Microsoft では、すべての新しい開発で Azure Redis Cache を使用することをお勧めします。 Azure Cache オファリングの選択に関する最新のドキュメントとガイダンスについては、「自分に適した Azure Cache オファリング」を参照してください。

Memcache の概要

Memcache は、データベースから負荷を取り除くことにより、規模の大きい Web アプリケーションの高速化に役立つ、分散型のインメモリ キャッシュ ソリューションです。 Memcache はインターネットのさまざまな大規模 Web サイトで使われており、革新的な方法で他の技術と統合されています。

Azure は、既に Memcache を実装しているお客様が簡単に Azure に移行できるように、Memcache プロトコルをサポートしています。 アプリケーションで既に Memcache が使用されている場合、このコードを新しいコードに置き換える必要はありません。

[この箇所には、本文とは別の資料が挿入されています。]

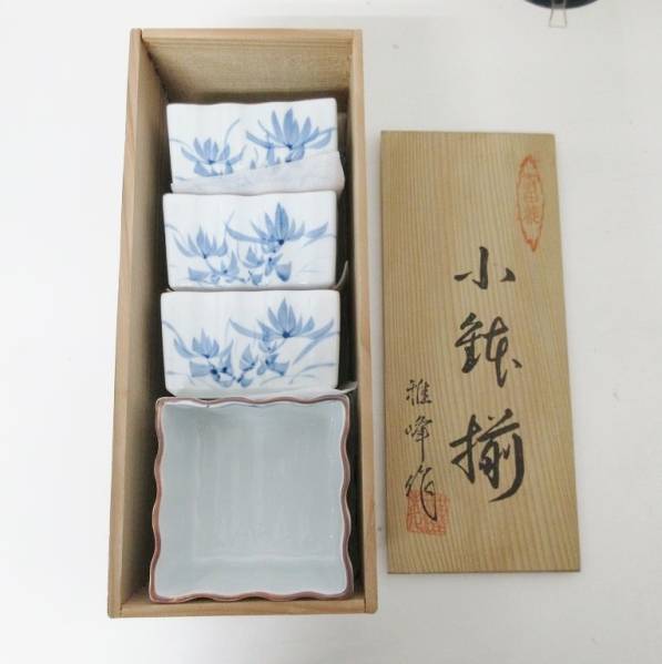 未使用品■有田焼 稚峰作 角鉢 小鉢揃 五客セット 共箱 管理1603 A-4
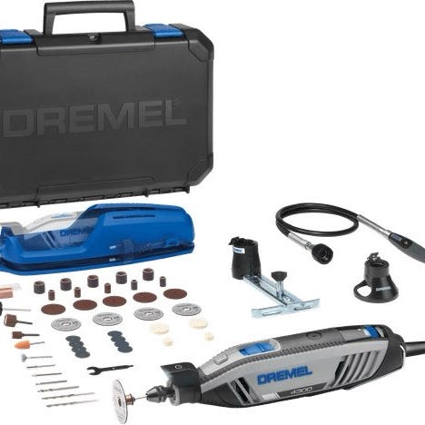 Dremel multiverktyg med omfattande tillbehörssats och förvaringslåda. Överhandsfräs satsen och frässtålen plus massa extra tillbehör.
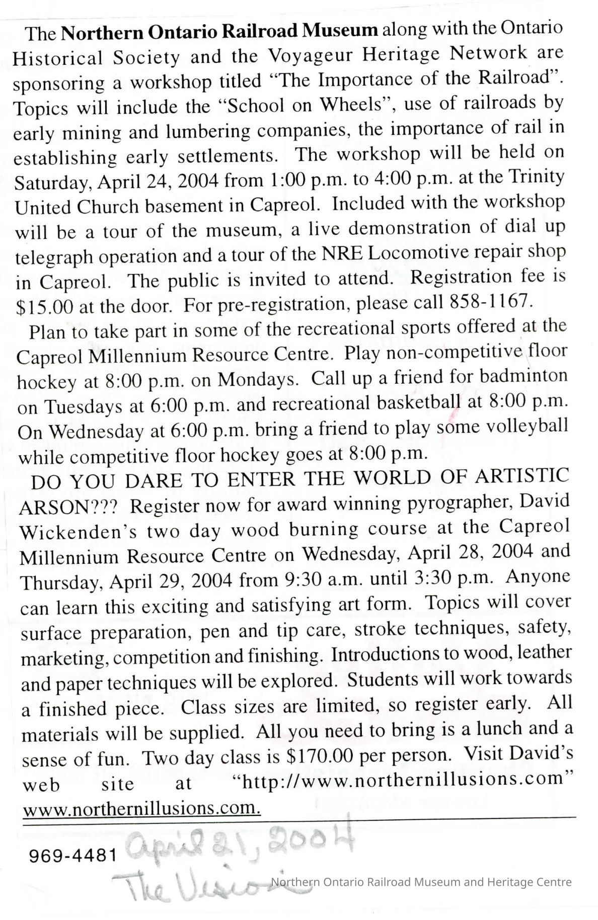 "Capreol Days 2004" News from Capreol, outlines activities and NORMHC Voyageur Heritage Workshop course offeringsCollection
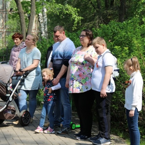 В конце мероприятия была сделана коллективная фотография с Георгиевской лентой, а всем посетителям были розданы черно-оранжевые ленточки, которые стали символом памяти о Победе в Великой Отечественной войне, знаком вечной признательности ветеранам, освободившим мир от фашизма.

Azure Caching と Memcache を実行する方法は、たとえばワーカー ロールで Memcache のみを実行する方法よりも推奨される選択肢です。 これは、正常なシャットダウン、高可用性、ローカル キャッシュ (クライアント shim)、通知 (クライアント shim)、データの整合性、高可用性 (HA)、およびクライアントに対して透過的な簡単なスケールアップとスケールダウンなど、Azure Caching が高付加価値な機能を提供しているためです。 たとえば、Azure Caching と Memcache のサーバー ハッシュ スキームとパーティション管理を使用すると、負荷を分散し、データの整合性を維持することができます。

Memcache プロトコルのサポート

Azure Caching は Memcache の接続プロトコルをサポートしています。 このプロトコルには、バイナリ バージョンとテキスト バージョンという 2 つのバージョンがあります。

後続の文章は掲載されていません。